By Danny Seiden, Guest Commentary //December 30, 2024//[read_meter]

In this photo, unidentified utility workers work on an electrical line. (Photo by Unsplash.com)

Formula Rate Plan means transparency, affordability, predictability

By Danny Seiden, Guest Commentary //December 30, 2024//[read_meter]

Earlier in December, the Arizona Corporation Commission took action to modernize how utility rates are set by adopting Formula Rate Plans (FRPs). This marks a significant step forward in tackling regulatory lag, a long-standing challenge that delays critical investments in Arizona’s energy infrastructure.

As one of the nation’s fastest-growing states, Arizona’s economy depends on energy reliability. With industries like advanced manufacturing, aerospace, and semiconductor production growing at a rapid clip, Arizona’s energy demands are soaring. To keep pace and stay competitive, we need a regulatory framework that supports investment, accountability, and efficiency. FRPs deliver on all three fronts.

Danny Seiden (Photo by Jennifer Stewart)

For too long, the traditional utility rate process has been time-consuming and costly, often taking years to resolve. This delay, known as regulatory lag, makes it harder for utilities to recover the costs of vital infrastructure improvements in real time. The result? Arizona’s energy infrastructure risks falling behind, leaving consumers vulnerable to reliability issues and rate shocks when those deferred costs eventually catch up.

FRPs tackle this issue head-on by allowing utilities to make annual rate adjustments based on real, up-to-date cost data. This ensures that rates reflect current economic conditions and infrastructure investments, without forcing utilities or consumers to endure drawn-out and expensive hearings. At the same time, full rate cases will still be required every five years, providing critical oversight to protect consumers and guarantee accountability.

This model isn’t new — 54 utilities in 12 other states, including major economic competitors like Texas, already use FRPs successfully. They’ve been proven to strike the right balance: creating certainty for utilities to invest in infrastructure while maintaining fairness and transparency for ratepayers. Adopting this model positions Arizona to meet today’s energy challenges while staying competitive on a national and global scale.

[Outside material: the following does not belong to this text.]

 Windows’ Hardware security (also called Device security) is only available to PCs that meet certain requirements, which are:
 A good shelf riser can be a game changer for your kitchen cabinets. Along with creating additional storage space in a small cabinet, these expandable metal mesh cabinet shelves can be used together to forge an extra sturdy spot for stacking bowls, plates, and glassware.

For businesses, this change couldn’t come at a better time. Companies investing in Arizona, from semiconductor giants to data centers, depend on a robust and reliable energy infrastructure to power their operations. By reducing regulatory lag, FRPs create the certainty businesses need to plan, grow, and invest with confidence.

Consumers also benefit from this framework. Instead of steep, unpredictable rate increases that come after years of accumulated costs, FRPs enable smaller, gradual adjustments tied to real-time investments. This means greater transparency, affordability, and predictability for families and businesses alike.

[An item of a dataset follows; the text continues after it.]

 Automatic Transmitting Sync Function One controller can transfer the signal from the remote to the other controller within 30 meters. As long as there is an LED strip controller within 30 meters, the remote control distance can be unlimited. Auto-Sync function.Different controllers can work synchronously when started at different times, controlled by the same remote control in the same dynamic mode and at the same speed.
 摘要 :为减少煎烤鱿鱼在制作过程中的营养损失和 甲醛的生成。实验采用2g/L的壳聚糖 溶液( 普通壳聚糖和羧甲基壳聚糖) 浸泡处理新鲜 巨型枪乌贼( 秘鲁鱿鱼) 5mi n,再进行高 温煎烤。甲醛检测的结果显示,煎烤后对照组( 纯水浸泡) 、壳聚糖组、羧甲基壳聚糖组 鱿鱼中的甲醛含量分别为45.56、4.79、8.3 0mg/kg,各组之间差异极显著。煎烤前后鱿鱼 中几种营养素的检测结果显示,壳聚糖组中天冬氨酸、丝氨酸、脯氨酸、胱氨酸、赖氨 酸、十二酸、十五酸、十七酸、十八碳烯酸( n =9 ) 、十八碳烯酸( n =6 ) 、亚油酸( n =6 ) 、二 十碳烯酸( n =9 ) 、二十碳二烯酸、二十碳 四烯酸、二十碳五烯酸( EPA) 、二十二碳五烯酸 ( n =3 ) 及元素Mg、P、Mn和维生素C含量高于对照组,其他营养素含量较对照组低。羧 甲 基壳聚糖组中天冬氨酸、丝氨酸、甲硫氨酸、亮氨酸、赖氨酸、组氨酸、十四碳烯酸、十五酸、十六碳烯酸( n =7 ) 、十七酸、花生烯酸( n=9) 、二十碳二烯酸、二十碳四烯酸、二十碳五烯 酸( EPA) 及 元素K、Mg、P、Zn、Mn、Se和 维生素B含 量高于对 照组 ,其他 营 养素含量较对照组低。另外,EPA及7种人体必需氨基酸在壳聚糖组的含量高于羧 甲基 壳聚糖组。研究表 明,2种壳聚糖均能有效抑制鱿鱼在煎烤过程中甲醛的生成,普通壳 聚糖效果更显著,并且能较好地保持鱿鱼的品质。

The Arizona Chamber of Commerce and Industry was proud to support this policy because we understand what’s at stake. A reliable, modern energy grid isn’t just a convenience — it’s a fundamental requirement for economic growth, job creation, and quality of life. The ACC’s decision to implement FRPs reflects a commitment to smart, innovative solutions that will help Arizona meet the needs of a growing population and expanding industries. 

This isn’t just about “keeping the lights on.” It’s about building a resilient, reliable grid that supports long-term success for Arizona’s businesses, families, and economy. At a time when infrastructure, energy reliability, and competitiveness are more critical than ever, FRPs represent a big win — for consumers, for businesses, and for Arizona’s future.

Danny Seiden is president and CEO of the Arizona Chamber of Commerce and Industry.